Aim of the exercise - Your answer must be an exact copy of the listing that follows, with all pictures omitted.

Dataset excerpt -
-*-*-
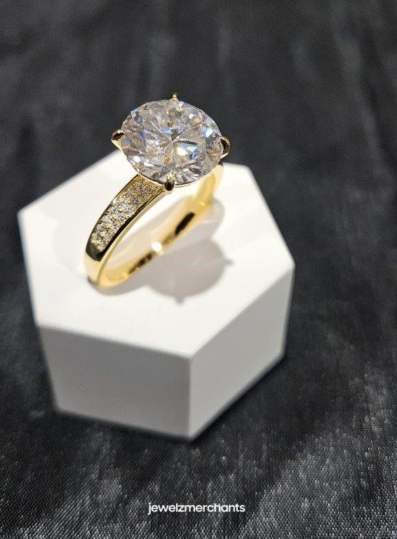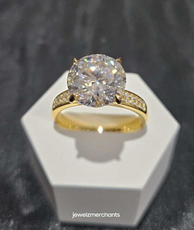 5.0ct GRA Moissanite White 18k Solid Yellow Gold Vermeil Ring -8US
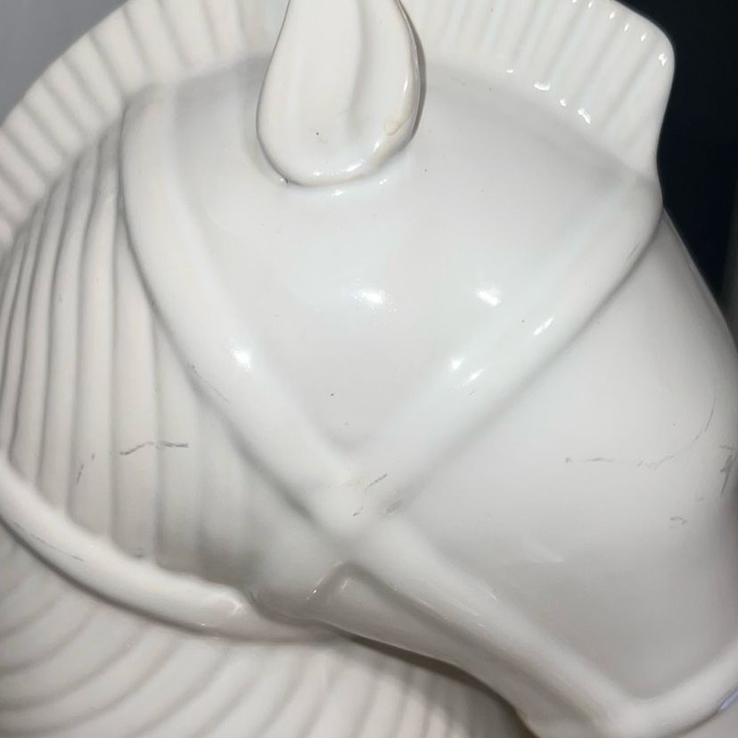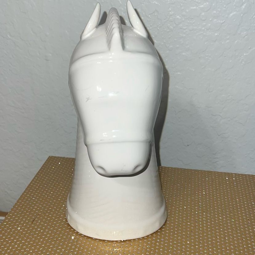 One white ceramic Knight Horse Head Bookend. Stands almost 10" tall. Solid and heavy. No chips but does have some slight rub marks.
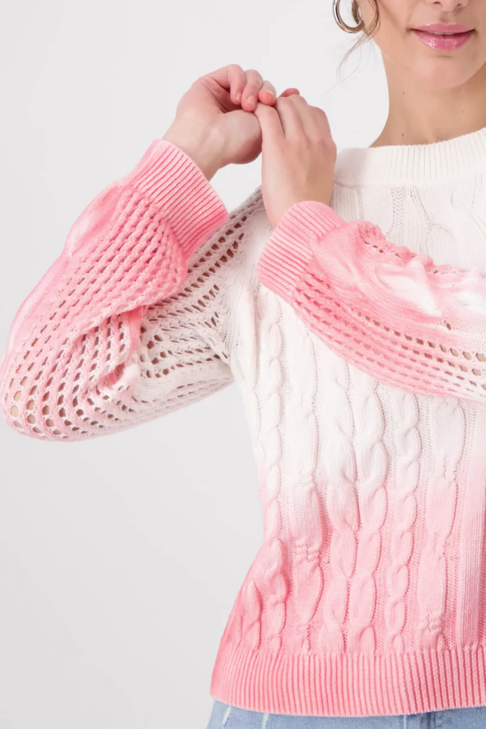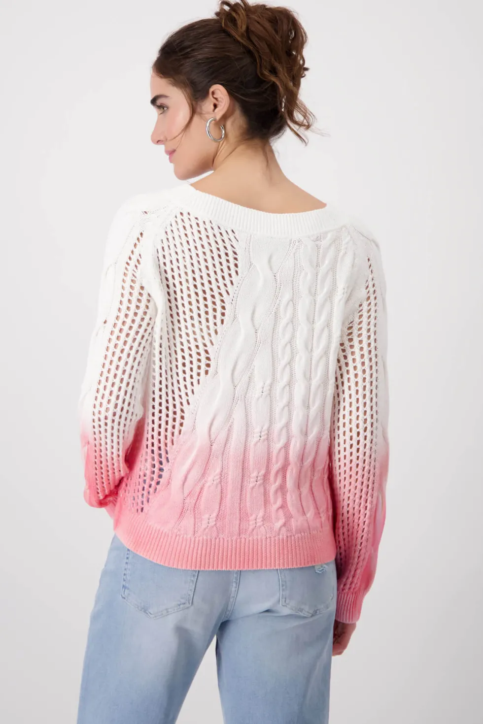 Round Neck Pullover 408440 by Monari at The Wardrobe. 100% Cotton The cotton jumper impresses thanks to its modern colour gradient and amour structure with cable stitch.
-*-*-
Your response -
 5.0ct GRA Moissanite White 18k Solid Yellow Gold Vermeil Ring -8US
 One white ceramic Knight Horse Head Bookend. Stands almost 10" tall. Solid and heavy. No chips but does have some slight rub marks.
 Round Neck Pullover 408440 by Monari at The Wardrobe. 100% Cotton The cotton jumper impresses thanks to its modern colour gradient and amour structure with cable stitch.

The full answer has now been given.